Friday, October 22, 2010

Two Weddings, One Ass

There is a terrific Yiddish expression that currently sums up a large part of what Juan Williams did wrong: "You can't dance in two weddings with one ass."

Fox News and National Public Radio are two very different weddings, playing very different music and enjoying very different food. Trying to please the machers at both was bound to be an exercise in futility, if not self-destruction.

Besides, wasn't this so far over-the-top as to be almost passive-aggressive? (After all, he got to be the news story for a change, and he got a hefty raise too.) Telling O'Reilly "you're right"? Using the words "I'm not a bigot" and then NOT STOPPING THERE?

Here's the full quote:
"I mean, look, Bill, I'm not a bigot. You know the kind of books I've written about the civil rights movement in this country," Williams said Monday. "But when I get on a plane, I got to tell you, if I see people who are in Muslim garb and I think, you know, they are identifying themselves first and foremost as Muslims, I get worried. I get nervous."
For those who are saying that Williams was fired in violation of his 1st Amendment rights, an anonymous NPR exec rolls his eyes in the Washington Post: "Williams's comments on Monday were the last straw, the executive said. He dismissed suggestions that NPR was suppressing Williams's freedom of speech, saying, "Juan has a First Amendment right to say whatever he wants. He does not have a First Amendment right to be paid by NPR for saying whatever he wants." And there's the rub. Though we are all free to talk, we are not free to escape the consequences. Not even if a lot of loudmouths agree with us.

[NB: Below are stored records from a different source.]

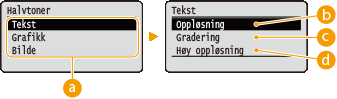 Velg bildedatatypen du ønsker å endre innstillingene for. Velg <Tekst> for tegn, <Grafikk> for linjer og figurer, eller <Bilde> for bilder, slik som fotografier.
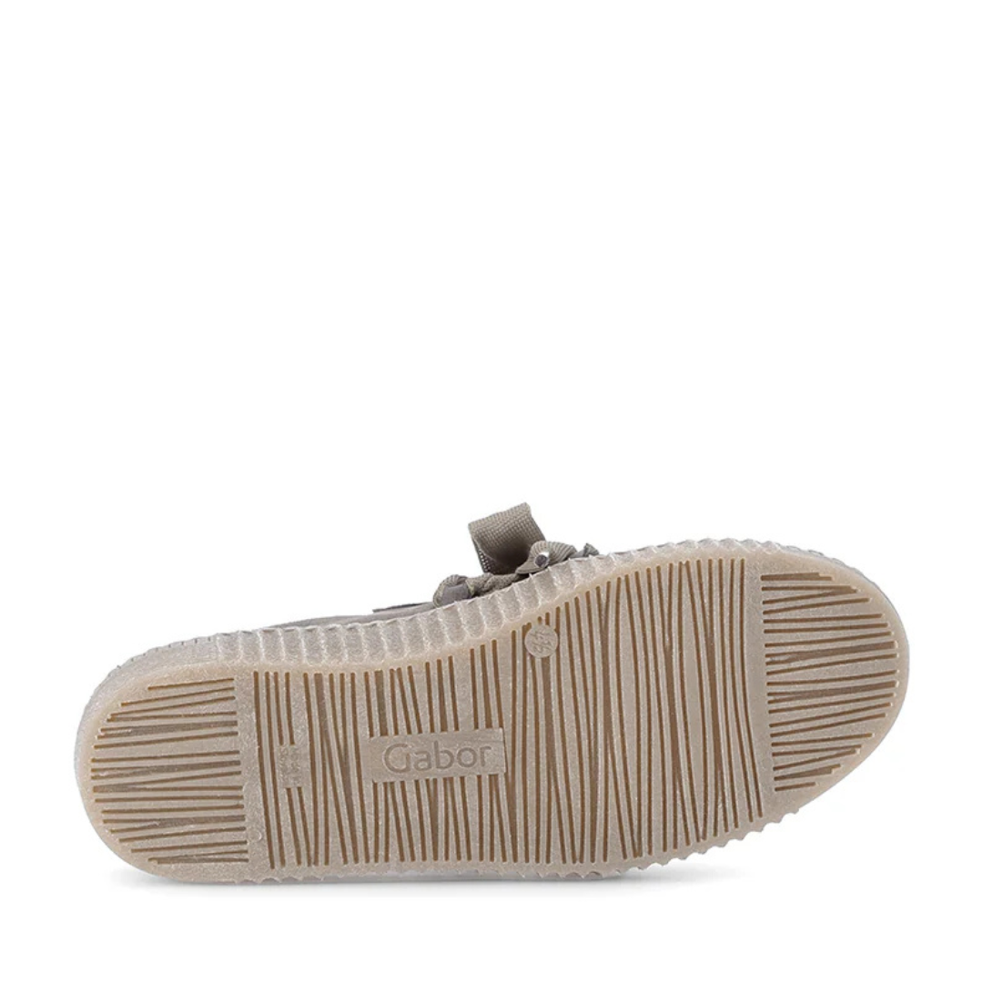 A perfect blend of style and comfort, this beige leather low shoe from Gabor is an everyday essential. Its premium leather upper, made from environmentally-friendly tanning, is combined with a leather lining for breathable comfort. Thanks to its Best Fitting last, it offers an enlarged forefoot landing surface, ideal for long-lasting well-being. The removable insole, partly made from recycled materials, rests on a 3.5 cm flat sole with a modern look. The wide elastic lace ensures a quick fit and a casual-chic look.
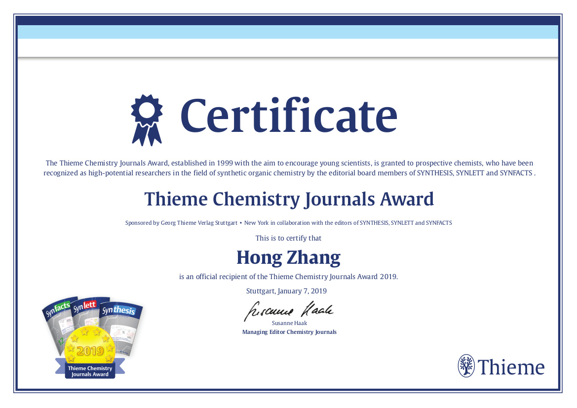 Prof. Hong Zhang received the prestigious Thieme Chemistry Journals Award in 2019.

Besides, considering that Tea Party senatorial candidate Christine O'Donnell just publicly revealed she doesn't know what the 1st Amendment entails, the Republicans probably shouldn't be drawing too much attention to the Bill of Rights.

As TNC points out, what Williams said was a problem. What Williams CONTINUES to say leeches out any potential sympathy I'd have for him. From today's NYT:
Mr. Williams said in an essay published Thursday on FoxNews.com that he was fired "for telling the truth."

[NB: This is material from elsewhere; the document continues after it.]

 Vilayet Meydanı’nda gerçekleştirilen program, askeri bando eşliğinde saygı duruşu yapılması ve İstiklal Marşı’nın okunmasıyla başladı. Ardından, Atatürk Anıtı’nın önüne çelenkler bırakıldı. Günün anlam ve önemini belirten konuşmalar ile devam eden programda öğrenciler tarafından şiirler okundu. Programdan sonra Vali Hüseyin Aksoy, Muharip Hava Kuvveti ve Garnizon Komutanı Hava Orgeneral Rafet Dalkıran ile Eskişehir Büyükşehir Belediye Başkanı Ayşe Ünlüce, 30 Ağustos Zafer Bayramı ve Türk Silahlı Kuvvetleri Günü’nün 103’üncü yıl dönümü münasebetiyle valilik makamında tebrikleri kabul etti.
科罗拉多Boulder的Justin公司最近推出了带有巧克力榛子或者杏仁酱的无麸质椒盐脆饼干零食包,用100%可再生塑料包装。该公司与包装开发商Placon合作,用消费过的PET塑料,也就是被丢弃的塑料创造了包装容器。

He continued in the essay: "Now that I no longer work for NPR let me give you my opinion. This is an outrageous violation of journalistic standards and ethics by management that has no use for a diversity of opinion, ideas or a diversity of staff (I was the only black male on the air). This is evidence of one-party rule and one-sided thinking at NPR that leads to enforced ideology, speech and writing. It leads to people, especially journalists, being sent to the gulag for raising the wrong questions and displaying independence of thought."
Sent to the gulag! Somewhere, Solzhenitsyn is groaning in his grave and stuffing dirt in his ears. If Williams is really that convinced that he is a victim of severe, historical injustice, then he belong at Fox News. Let me be the first to say, Welcome home.